A rebounding economy and better stock market performance have provided better news in investment and mutual fund statements in 2014. A volatile economy since 2007 had caused savings to fall for many workers, so even a slight recovery is good news for their retirement savings plans.
Most workers know that there is little that they can do to improve the country's economic performance. What they can do is to focus on their retirement savings strategy. With the proper focus, your retirement years can be comfortable ones, giving you the opportunity to travel, spend time with your grandchildren or take up new hobbies. However, this will not happen if you spend these years worrying about money.
Fortunately, you can boost your odds of a happy retirement by avoiding some of the most common mistakes of retirement savings.
Not saving early enough: It is easy to forget about planning for retirement when you first start working. After all, you have other expenses -- rent, maybe a mortgage, furniture, clothing -- that you need to cover. With that said, those who start saving for retirement early will end up with significantly more money in their retirement years.
Vanguard Group researchers Maria Bruno and Yan Zilbering, in their article Penny Saved, Penny Earned show how important saving early is.
According to their research, investors who saved 6 percent of their salaries in a portfolio split evenly between stocks and bonds starting at age 25 enjoyed a median portfolio balance at retirement of nearly $360,000.
That figure fell to $237,000 for investors who waited until 35 to start investing and $128,000 for those who waited until age 45.

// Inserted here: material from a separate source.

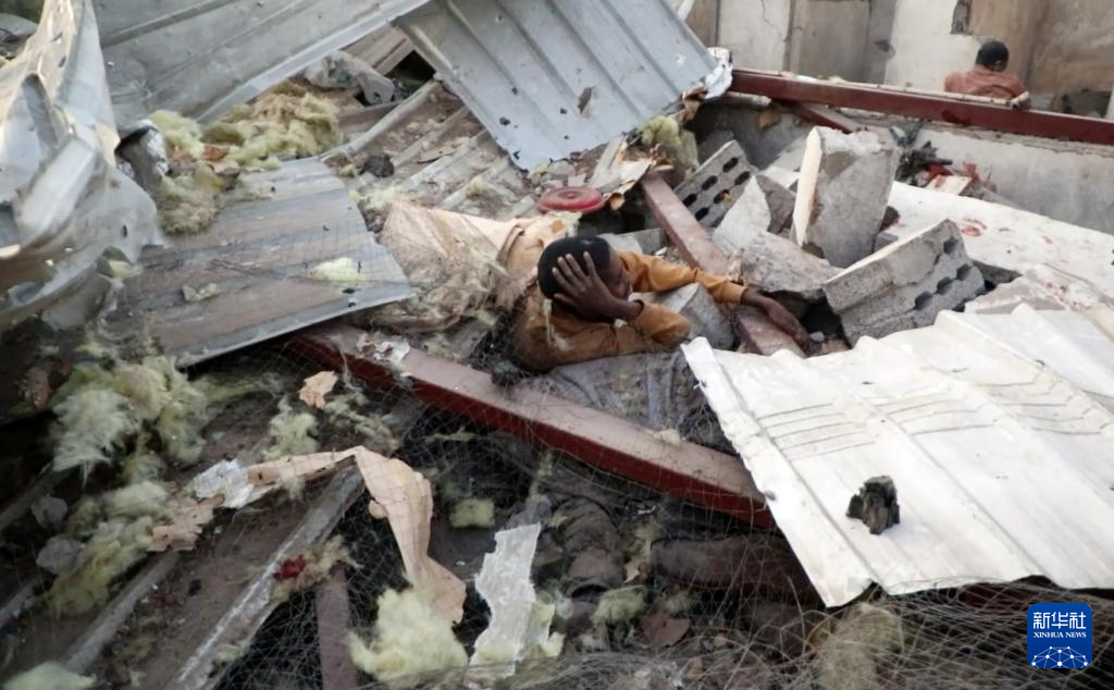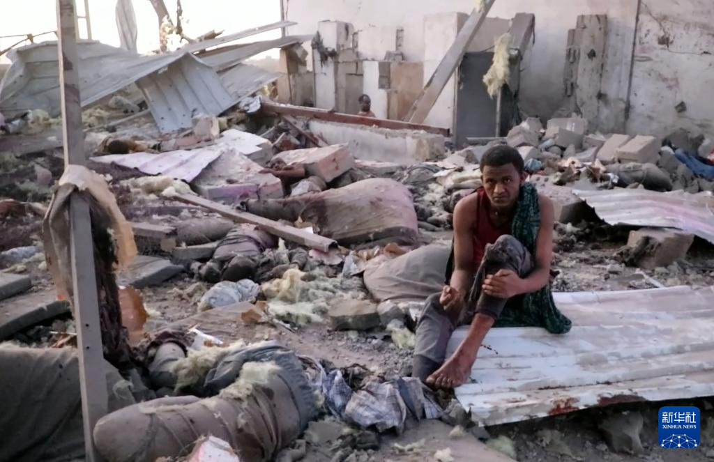 这张4月28日拍摄的视频截图显示,在也门萨达省一个拘留中心,伤者在废墟中等待救援。新华社发(胡塞媒体中心供图)

Not maximizing the match: If you work for a company that offers a 401(k) program, you need to participate in it. These programs offer a relatively pain-free way to build your retirement savings over time. Don't make the mistake too many young workers make, though: Maximize your employer's match. If you do not, you'll miss those extra dollars when retirement arrives.
Running up debts: It is easy to run up credit card debt. However, remember, it is not easy to retire comfortably when you are burdened by debt. Begin wise spending habits -- only charge what you can afford to pay back when your next credit card statement arrives -- at a young age. They can save you a world of financial pain as retirement nears.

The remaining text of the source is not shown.